La política siempre es pendular, como la mayoría de las cosas. Es lo que Hegel describió como el proceso dialéctico que permite que avancemos y superemos etapas. El progreso se alcanza a través del enfrentamiento de los contrarios. En la Unión Europa, por no decir en todo el mundo, viene ocurriendo lo mismo. Así, tras los desastres de los nacionalismos, que llevaron a Europa al enfrentamiento bélico de la Segunda Guerra Mundial, comenzó una etapa en la que los líderes del continente abogaban por la integración económica de la Europa democrática. Fue la etapa en que se inició el Mercado Común. Esa asociación con meros fines mercantilistas sirvió para mover la conciencia social de los europeos, que desearon una unión más firme y social. Nacía lo que se ha dado en llamar la Europa de los ciudadanos.

La idea de una unión confederal produjo el pánico en algunos gobiernos, tal como ocurrió con el Reino Unido, que renunció primero a la unión monetaria y después a su permanencia.

Los euroescépticos saben que con un proyecto europeo unificador no podrían ejercer su dominio territorial, porque las instituciones europeas asumirían competencias fundamentales de los Estados (además de la moneda, la defensa, la política exterior, la capacidad impositiva, etc.), de ahí que los movimientos ultraconservadores prefieran impedir el poder centralizado de la Unión Europea.

Esta es la tendencia que parece imponerse ahora en Europa. La europeidad, que durante muchos años se ha tenido como un afán de los europeos, ha perdido el poder de impulsar un proyecto común, por lo que probablemente en las próximas elecciones los partidos contrarios a la Unión experimenten un avance, crecimiento acompasado por el auge de los populistas y xenófobos. Por su parte, los nacionalismos supremacistas continuarán queriendo imponer su ideología en Europa. Cataluña no es un caso aislado.

PERO, como ocurre en todo proceso dialéctico, este crecimiento de las ideologías populistas y de extrema derecha es pendular y, por tanto, limitado en el tiempo. Tras este posible auge vendrá la reacción de los demócratas europeos al comprobar que los nacionalismos restringen el poder de las instituciones europeas y que no avanzan las políticas sociales, lo que se traducirá en una Europa más débil y menos próspera.

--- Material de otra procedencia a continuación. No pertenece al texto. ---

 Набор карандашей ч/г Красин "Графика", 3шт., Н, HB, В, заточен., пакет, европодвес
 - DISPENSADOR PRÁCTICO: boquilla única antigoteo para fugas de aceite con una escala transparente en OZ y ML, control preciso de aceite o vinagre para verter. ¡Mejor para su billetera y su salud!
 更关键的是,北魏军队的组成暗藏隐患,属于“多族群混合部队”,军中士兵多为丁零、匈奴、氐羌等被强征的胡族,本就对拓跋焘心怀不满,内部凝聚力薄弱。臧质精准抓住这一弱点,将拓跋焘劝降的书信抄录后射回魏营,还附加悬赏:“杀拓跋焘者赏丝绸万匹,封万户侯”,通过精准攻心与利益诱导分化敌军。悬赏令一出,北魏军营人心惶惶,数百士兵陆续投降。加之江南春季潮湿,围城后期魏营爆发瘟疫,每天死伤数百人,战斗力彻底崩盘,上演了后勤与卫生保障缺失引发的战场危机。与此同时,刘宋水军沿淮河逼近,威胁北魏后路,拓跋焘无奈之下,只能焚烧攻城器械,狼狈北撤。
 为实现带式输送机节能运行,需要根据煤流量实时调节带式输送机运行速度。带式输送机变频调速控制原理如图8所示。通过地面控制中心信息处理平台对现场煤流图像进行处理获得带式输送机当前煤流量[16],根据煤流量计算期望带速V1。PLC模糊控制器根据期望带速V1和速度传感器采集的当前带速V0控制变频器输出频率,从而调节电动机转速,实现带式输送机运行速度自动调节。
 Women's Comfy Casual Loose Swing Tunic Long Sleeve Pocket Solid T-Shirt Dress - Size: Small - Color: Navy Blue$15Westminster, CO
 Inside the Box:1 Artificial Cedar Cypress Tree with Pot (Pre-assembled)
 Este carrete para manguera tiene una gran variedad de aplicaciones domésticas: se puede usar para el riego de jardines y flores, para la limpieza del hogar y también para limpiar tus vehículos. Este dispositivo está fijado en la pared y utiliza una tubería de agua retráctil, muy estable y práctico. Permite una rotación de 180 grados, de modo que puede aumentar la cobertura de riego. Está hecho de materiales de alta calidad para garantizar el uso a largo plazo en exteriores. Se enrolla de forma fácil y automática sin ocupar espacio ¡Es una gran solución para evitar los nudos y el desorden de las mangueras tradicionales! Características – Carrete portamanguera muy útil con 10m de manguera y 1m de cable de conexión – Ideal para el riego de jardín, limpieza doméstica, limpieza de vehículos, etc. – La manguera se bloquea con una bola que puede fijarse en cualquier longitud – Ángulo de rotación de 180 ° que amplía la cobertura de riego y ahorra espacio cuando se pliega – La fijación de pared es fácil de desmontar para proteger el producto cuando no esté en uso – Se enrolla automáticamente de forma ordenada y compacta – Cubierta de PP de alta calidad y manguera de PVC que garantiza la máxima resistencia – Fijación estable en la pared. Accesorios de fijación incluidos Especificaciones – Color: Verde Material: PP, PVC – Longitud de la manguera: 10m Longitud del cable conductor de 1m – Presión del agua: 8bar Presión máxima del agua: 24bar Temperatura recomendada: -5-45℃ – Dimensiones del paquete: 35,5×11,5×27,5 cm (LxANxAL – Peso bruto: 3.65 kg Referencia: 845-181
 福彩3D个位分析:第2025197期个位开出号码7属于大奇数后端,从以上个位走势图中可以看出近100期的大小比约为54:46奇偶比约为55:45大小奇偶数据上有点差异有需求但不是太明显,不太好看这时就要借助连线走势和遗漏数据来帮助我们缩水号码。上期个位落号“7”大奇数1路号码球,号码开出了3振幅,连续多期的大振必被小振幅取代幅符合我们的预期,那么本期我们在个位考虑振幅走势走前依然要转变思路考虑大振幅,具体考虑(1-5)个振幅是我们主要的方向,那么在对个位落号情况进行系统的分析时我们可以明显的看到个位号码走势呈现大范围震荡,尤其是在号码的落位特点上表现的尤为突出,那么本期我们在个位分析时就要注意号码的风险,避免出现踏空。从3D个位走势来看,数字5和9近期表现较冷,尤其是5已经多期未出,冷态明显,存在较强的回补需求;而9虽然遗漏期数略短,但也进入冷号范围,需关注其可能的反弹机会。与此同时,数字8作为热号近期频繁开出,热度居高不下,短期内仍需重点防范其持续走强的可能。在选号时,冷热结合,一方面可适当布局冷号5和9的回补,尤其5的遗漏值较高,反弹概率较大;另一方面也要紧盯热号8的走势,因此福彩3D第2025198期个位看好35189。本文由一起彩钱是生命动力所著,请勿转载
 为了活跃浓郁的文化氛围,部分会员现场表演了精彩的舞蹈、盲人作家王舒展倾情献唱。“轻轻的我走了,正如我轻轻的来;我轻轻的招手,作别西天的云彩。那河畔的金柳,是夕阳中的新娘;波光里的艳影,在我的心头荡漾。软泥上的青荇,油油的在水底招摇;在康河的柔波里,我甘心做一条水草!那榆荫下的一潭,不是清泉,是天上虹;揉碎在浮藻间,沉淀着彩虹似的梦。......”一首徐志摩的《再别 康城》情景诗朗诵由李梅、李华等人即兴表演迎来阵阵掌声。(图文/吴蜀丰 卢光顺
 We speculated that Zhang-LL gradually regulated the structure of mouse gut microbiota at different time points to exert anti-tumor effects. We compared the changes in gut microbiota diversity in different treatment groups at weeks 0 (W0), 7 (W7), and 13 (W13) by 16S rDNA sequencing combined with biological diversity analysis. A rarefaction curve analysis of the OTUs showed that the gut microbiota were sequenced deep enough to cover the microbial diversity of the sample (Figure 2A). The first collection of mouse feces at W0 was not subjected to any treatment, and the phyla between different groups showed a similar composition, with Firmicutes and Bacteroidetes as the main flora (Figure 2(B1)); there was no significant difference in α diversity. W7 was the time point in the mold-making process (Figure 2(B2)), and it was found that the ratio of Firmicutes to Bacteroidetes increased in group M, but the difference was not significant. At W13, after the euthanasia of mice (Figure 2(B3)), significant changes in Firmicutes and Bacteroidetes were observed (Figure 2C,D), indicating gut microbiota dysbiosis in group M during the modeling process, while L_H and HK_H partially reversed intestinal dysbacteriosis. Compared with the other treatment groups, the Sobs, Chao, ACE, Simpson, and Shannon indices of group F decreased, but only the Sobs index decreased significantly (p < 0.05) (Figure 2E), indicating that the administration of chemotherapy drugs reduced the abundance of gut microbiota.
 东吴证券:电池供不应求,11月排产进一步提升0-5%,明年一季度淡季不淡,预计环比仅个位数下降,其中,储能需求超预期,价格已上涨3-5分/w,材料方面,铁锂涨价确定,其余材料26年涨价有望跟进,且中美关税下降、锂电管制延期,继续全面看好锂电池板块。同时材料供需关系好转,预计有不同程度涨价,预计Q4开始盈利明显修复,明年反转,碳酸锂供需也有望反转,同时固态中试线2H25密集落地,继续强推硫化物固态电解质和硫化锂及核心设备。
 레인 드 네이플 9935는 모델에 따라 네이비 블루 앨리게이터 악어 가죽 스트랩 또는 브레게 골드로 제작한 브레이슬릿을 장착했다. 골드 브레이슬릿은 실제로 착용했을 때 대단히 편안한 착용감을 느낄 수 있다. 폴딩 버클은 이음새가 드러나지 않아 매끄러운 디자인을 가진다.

Con estas realidades es patente que a corto plazo el futuro de Europa no se vislumbre optimista. Pero debemos tener presente que, bajo el impulso de la Unión, los europeos hemos alcanzado un bienestar envidiado en todo el mundo. En un mundo globalizado no podemos aislarnos ni dividirnos. De ahí que el futuro por el que hemos de apostar sea el de una Europa más comprometida, en la que paulatinamente se vaya diluyendo la acción y la soberanía de los Estados.

Los jóvenes, futuros líderes del continente, en su inmensa mayoría apuestan como única solución por una Europa más unida, más sólida y más solidaria. No comparten la burocratización ni la lejanía de las instituciones europeas, pero detestan el nacionalismo de los Estados.

El Brexit es un ejemplo claro de lo que está pasando. Tras la euforia inicial, a los británicos les ha entrado el pánico cuando se han visto fuera de la UE. Las negociaciones con Europa están resultando surrealistas: intentan a toda costa mantener los privilegios económicos, pero quieren soslayar sus obligaciones de solidaridad respecto de las personas. Este no debe ser el camino.

La Unión Europea debe asentarse sobre profundas bases democráticas sin prebendas de ningún tipo. Hemos de aspirar a la Europa de los ciudadanos que, bajo el paraguas de una Constitución, cuente con un auténtico gobierno continental con autonomía para emprender verdaderas políticas de cohesión social. Este debe ser el futuro. El triunfo de las ideas ultranacionalistas y xenófobas nos condenaría a revivir periodos de desastres y confrontaciones y, por supuesto, a la pérdida de bienestar.